Dans les débats au sujet de l’initiative, certains initiants font preuve d’une grande agressivité verbale visant en particulier les banquiers. Bien que je n’aie aucun lien ni attache avec le monde bancaire, je me permets ici de rendre à ces initiants la monnaie de leur pièce (c’est bien le cas de le dire) en affirmant haut et fort que l’initiative en question n’est en réalité rien d’autre qu’un tissu de dangereuses illusions.  

Sa disposition principale est que les comptes à vue que le public détient auprès des banques devraient dorénavant être couverts entièrement par des réserves auprès de la BNS – c’est en ce sens que le monnaie deviendrait « pleine ». Cela signifie que les banques ne pourraient plus utiliser les comptes à vue pour financer des investissements utiles aux entreprises et aux ménages.
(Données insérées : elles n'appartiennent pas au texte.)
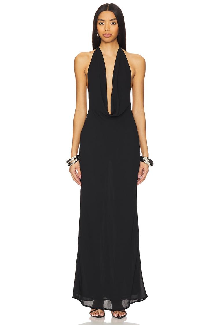 A sleek column silhouette in matte black satin creates a timeless look with a plunging neckline and sleeveless halterneck styling. The open back features an adjustable tie closure, complemented by a hidden back zipper for a smooth finish. This maxi dress offers a slim fit that gracefully skims the body, perfect for cocktail parties, date nights, and sophisticated evening outings. Crafted from midweight polyester satin, it blends elegance with a minimalist yet sexy vibe suitable for all seasons.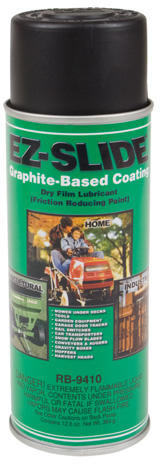 12.8 oz. Aerosol EZ-Slide 9512 Series Graphite-Based Coating – Alkyd graphite-based lubricating paint that bonds quickly to most surfaces – Lead free – Order Multiples of 6.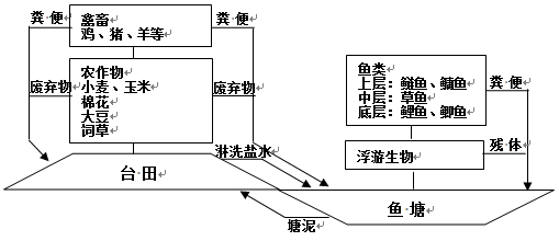 本题解析:试题分析:小题1:图中显示的低洼地养鱼,台田种植农作物,牲畜的粪便可以作为肥料,因地制宜发展农业,并将废物回收利用,发展了生态农业;低洼积水地方如蒸发量大,会出现盐碱化,发展鱼塘可以减轻盐碱化,所以选A项。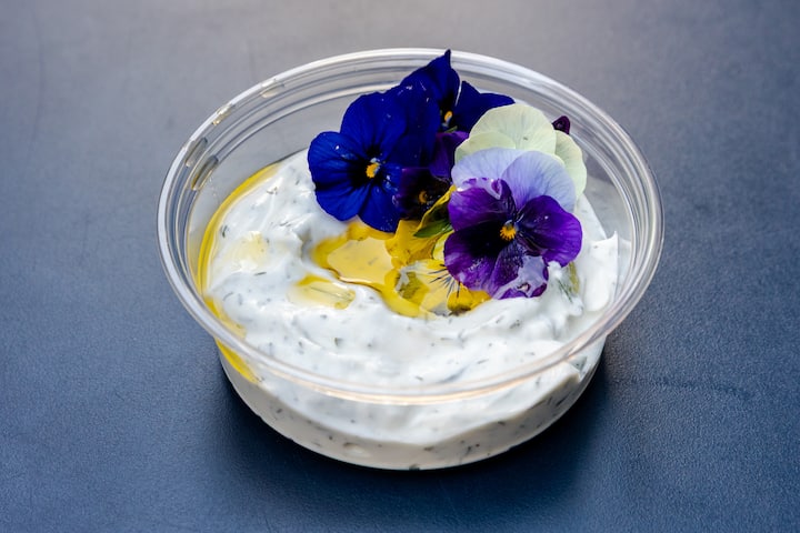 फ़ेटा चीज़केक, खुबानी का जैम और लैवेंडर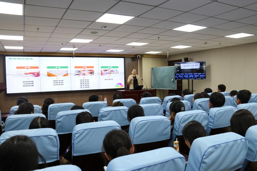 教务处蒋霞老师对新生进行专业课程方面的知识培训。为培养新生良好心态、尽快适应大学生活,9月24日晚,污污漫画举行新生适应性专题讲座,李永卫老师从环境、学习、人际、生活四个大方面详细阐述了已出现和可能出现的变化,通过分析这些变化对于不同学生心态产生不同影响的原因,倡导同学们重新进行自我定位,提高自身心理健康素养,以培养出能够了解、接受、关怀、尊重自己和他人的、自信乐观的、能够对自己行为负责的山大学生。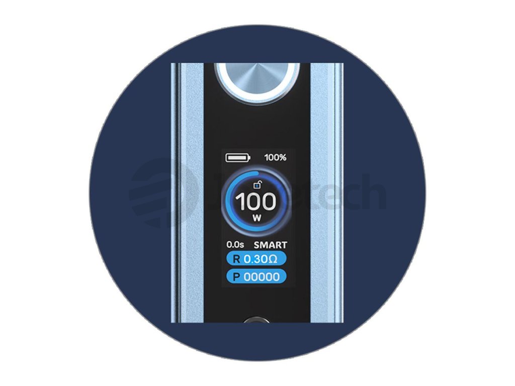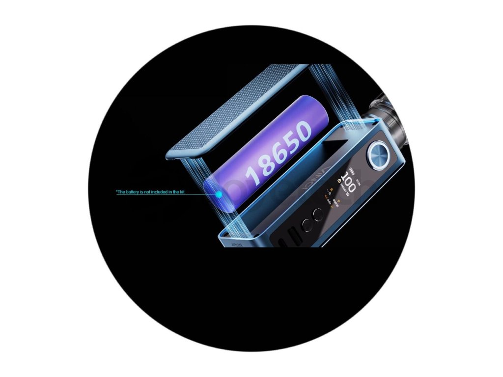 Tělo modu ukrývá slot pro vlastní externí baterii typu 18650. Po vložení vlastní baterie můžete začít naplno využívat všechny funkce modu. Největší předností je potom podpora obrovského výstupního výkonu až 100W s plnohodnotnou možností regulace, velice snadno a rychle si tak upravíte výkon podle potřeby a můžete si vychutnávat svůj oblíbený styl potahu.

Par conséquent, ces investissements diminueraient, peut-être de beaucoup. Pour l’empêcher, l’initiative stipule cependant que la BNS devra dorénavant « garantir l’approvisionnement de l’économie en crédits par les prestataires de services financiers [c’est-à-dire les banques] ». Ce qui veut dire que la BNS devrait accorder des crédits aux banques pour que celles-ci puissent continuer de consentir des prêts au public. On en reviendrait ainsi au statu quo, du moins en théorie.

On ne voit cependant pas que la BNS puisse jamais déterminer, même approximativement, le montant de ces crédits ainsi que leur distribution aux diverses banques et elle sera bien incapable de se substituer au système décentralisé en vigueur actuellement, lequel est de loin préférable. En outre, elle devra assumer des risques bancaires insensés.
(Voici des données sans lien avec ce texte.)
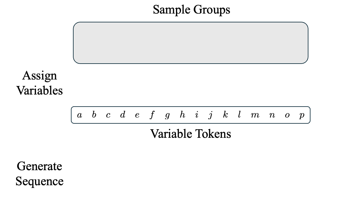 We train transformers to solve arithmetic problems sampled from a mixture of finite algebraic groups (like cyclic and dihedral groups). Each task sequence presents several examples of products between elements in a group with the goal that models will learn to predict the outcome of unseen group products. However, key challenge is that each token is a variable whose meaning changes between sequences. For example, the symbol "g" might represent the identity in one sequence but a 90-degree rotation in another. Models can infer what each symbol means only from how it interacts with other symbols in-context. You can try to solve some example in-context algebra sequences for yourself below.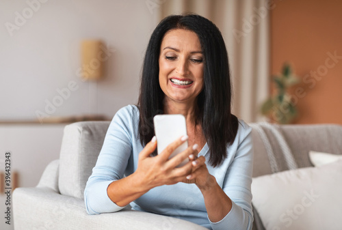 Smiling mature woman using smartphone at her home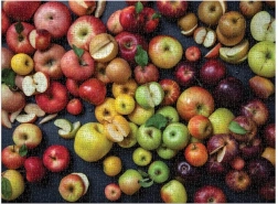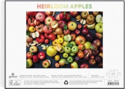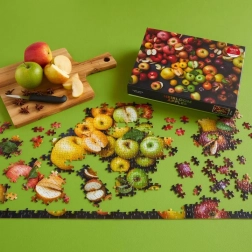 Motiv na puzzlama prikazuje raznoliku paletu sorata jabuka, što pri slaganju pruža estetski doživljaj.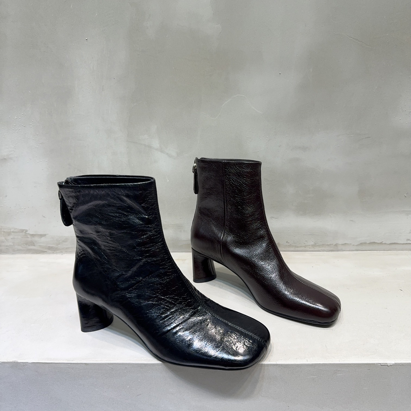 欧洲站女靴2025秋季新款欧货真皮方头粗跟短靴时装百搭高跟马丁靴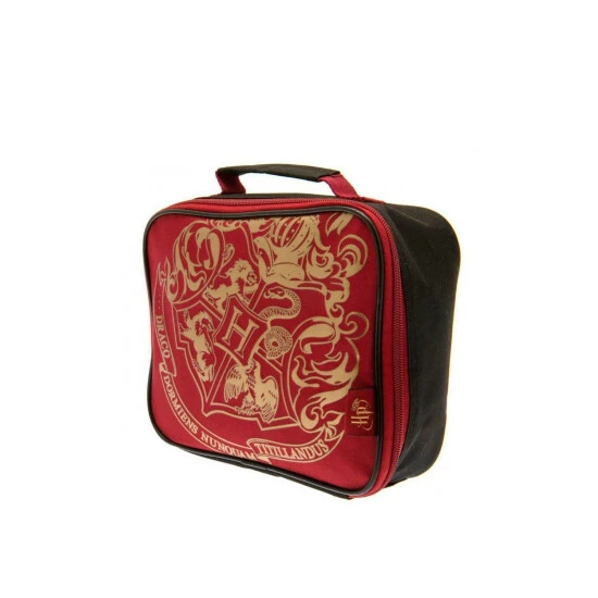 Material: Polyester. Height: 23cm. Length: 19cm. Width: 6cm. Compartments: 1 Main Compartment, Zipped Compartment. Design: Hogwarts Crest. Carry Handle, Insulated, Name Tag. 100% Officially Licensed. Packaging: Swing Tag.

Par ailleurs, l’initiative prévoit aussi que « l’argent nouvellement émis » – un peu plus de 43 milliards en 2017 ! – sera dorénavant distribué à l’Etat et/ou aux citoyens, mais « sans dette », c’est-à-dire gratuitement. (Selon le libellé de l’initiative, il s’agit bien de tout l’argent nouvellement émis). Désormais, la BNS devrait donc non seulement approvisionner les banques en crédits, mais aussi distribuer une manne purement fictive puisqu’il n’y aura en l’occurrence aucune création supplémentaire de richesse. Ecartelée entre ces nouvelles obligations et ses fonctions traditionnelles, la BNS courrait un grand risque de perdre le contrôle de la politique monétaire. Selon les scénarios envisageables, il pourrait y avoir déflation ou, beaucoup plus probablement, forte inflation. Dans ce dernier cas, les comptes à vue du public seraient garantis, mais les francs qui y figurent perdraient de leur valeur… La BNS ne peut certes faire faillite, mais ce serait en quelque sort le franc qui ferait faillite – quel marché de dupes !
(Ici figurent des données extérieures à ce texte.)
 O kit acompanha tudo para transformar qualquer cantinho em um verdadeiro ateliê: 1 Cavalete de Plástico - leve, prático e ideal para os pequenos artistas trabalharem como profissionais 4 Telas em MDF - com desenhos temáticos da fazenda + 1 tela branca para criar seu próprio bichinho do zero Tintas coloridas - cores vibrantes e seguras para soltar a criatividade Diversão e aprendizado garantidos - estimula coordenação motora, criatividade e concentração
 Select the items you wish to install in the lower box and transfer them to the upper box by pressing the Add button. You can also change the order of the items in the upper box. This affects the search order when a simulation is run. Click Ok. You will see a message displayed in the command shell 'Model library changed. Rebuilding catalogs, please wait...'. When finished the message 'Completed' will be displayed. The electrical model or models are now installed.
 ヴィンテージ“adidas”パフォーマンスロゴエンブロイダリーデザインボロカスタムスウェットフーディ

Le plus ironique est qu’à l’heure actuelle la monnaie n’est pas loin d’être « pleine » en Suisse. Les comptes de virement des banques à la BNS se montaient en effet à 457 milliards à fin février alors que les dépôts à vue et apparentés atteignaient 552 milliards. La monnaie est donc déjà pleine à 83% ! Mais cette situation est hautement anormale, résultant principalement des interventions massives de la BNS sur le marché des changes pour empêcher le franc de trop s’apprécier. C’est donc là une situation qui ne saurait durer indéfiniment.